Friday, December 7, 2007

Microfinance and extreme poverty

Poverty in Africa remains high. Microfinance can play a role, but does not yet live up to expectations. Why not? This is a field on its own, but here is a starter: Much more needs to be done on linking microfinance to the financial sector, on providing a proper regulatory environment, on raising awareness and understanding and on flexible product design.

Poverty in Africa
The share of the very poor in Africa remain persistently high at around 41% of the population . According to the World Bank they are even increasing in some countries such as South Africa. Providing a safety net through the provision of social grants is one strategy, but has the drawback of creating dependencies, perverse incentives and does not offer a real long-term solution to poverty.

According to the IMF, there is sufficient evidence that Africa's poor, particularly those in the rural sector, value both deposit and credit facilities. Believing that poor people may also be creative and entrepreneurial, one suggested way to escape from the poverty trap is to provide the poor with access to credit.

Microfinance as an option
Using micro finance institutions (MFIs) as a poverty alleviation strategy does hold some promise, but it is no silver bullet. Poverty remains a multidimensional challenge.

Does microfinance work in Africa? According to a report from the Micro Finance Information Exchange, micro credit growth is slow while growth in saving services are very high. This obviously falls short of implementing the idea of ignite Africa's entrepreneurial spirit through the provision of credit.

What needs to be done to improve micro financing?

According to the IMF: Linkages to the formal banking system are important. MFIs rely on banks for a variety of services, including deposit facilities, liquidity management services, and, in some cases, emergency credit lines to cover cash shortfalls.
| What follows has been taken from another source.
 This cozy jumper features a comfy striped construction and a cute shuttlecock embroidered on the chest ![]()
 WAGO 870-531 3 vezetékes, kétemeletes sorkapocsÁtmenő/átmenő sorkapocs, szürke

For banks, the benefits are the opportunity to expand their client base through MFIs, and to expand their operations through the network of MFIs (including in the rural sector). The linkages between MFIs and banks also help to strengthen the linkages more broadly between the economic activities in the formal and informal sectors of the economy, and provide opportunities for small entrepreneurs to graduate from micro credit to conventional bank loans.

In addition, NGOs and donors are important to provide support and best practice and governments to provide regulatory frameworks.
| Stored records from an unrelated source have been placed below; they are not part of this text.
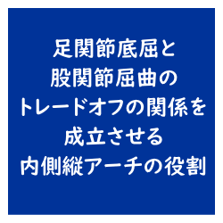 変形性股関節症 足関節底屈と股関節屈曲のトレードオフの関係を成立させる内側縦アーチの役割 今回は足関節底屈と股関節屈曲のトレードオフの関係を成立させる内側縦アーチの役割についてご紹介させていただきました. 今回の結果から考えるとトレードオフの関係を成立させるには内側縦アーチの役割が重要だと考えられます. 2025.09.21 変形性股関節症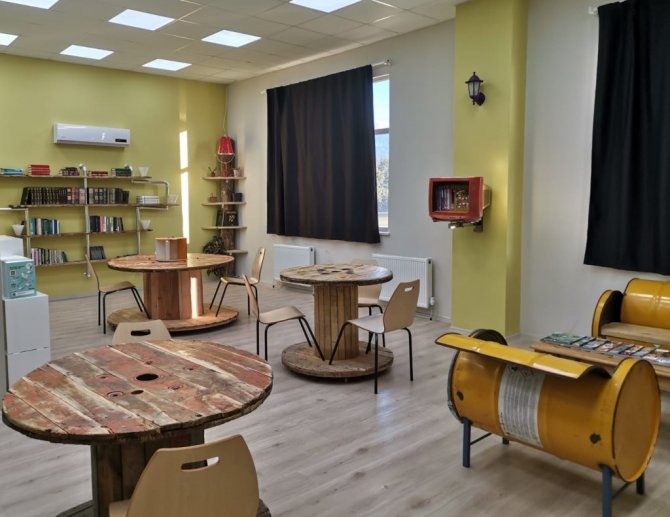 Meslek liselerindeki atölyelerde öğretmen ve öğrenciler tarafından dönüştürülen atık malzemeler; masa, kitaplık rafı, sandalye, sehpa, aksesuar ve aydınlatma ürünleri olarak kütüphanelerde kullanıma uygun hale getirildi.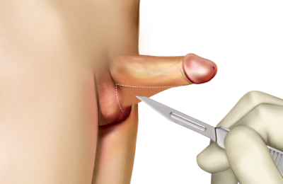 하지만 일부에서는 피부가 위쪽까지 당겨 올라와 음경 하부를 덮는 구조를 형성합니다.

According to the Africa Micro Finance Network: Microfinance must be accommodated as part of the macro financial sector; Microfinance must be viewed as financial sector component and not as poverty or development program; Country level networks need to define framework for appropriate systems, effective and sustainable financial services; Donors should focus on microfinance sector as a whole, and not emphasize only on the strongest MFIs; Linkages with formal financial institutions must be increased to better serve the low income population; Appropriate vision that translates into reality thus impacting microfinance outreach in Africa needs to be developed; Information exchange across networks should be increased

According to an article on Voxeu more flexible is needed in the design of debt products: Being poor is not just about having too little income. It is about having insecure income...Contrast this with the single most salient fact of micro-finance: nearly all contracts are fixed in their repayment schedules. This mismatch between debt payments and income can create serious distortions...

Increased understanding and awareness of microfinance products has also been raised as a problem for women entrepreneurs in a study done by the IFC, FinMark Trust and DTI as an obstacle in South Africa.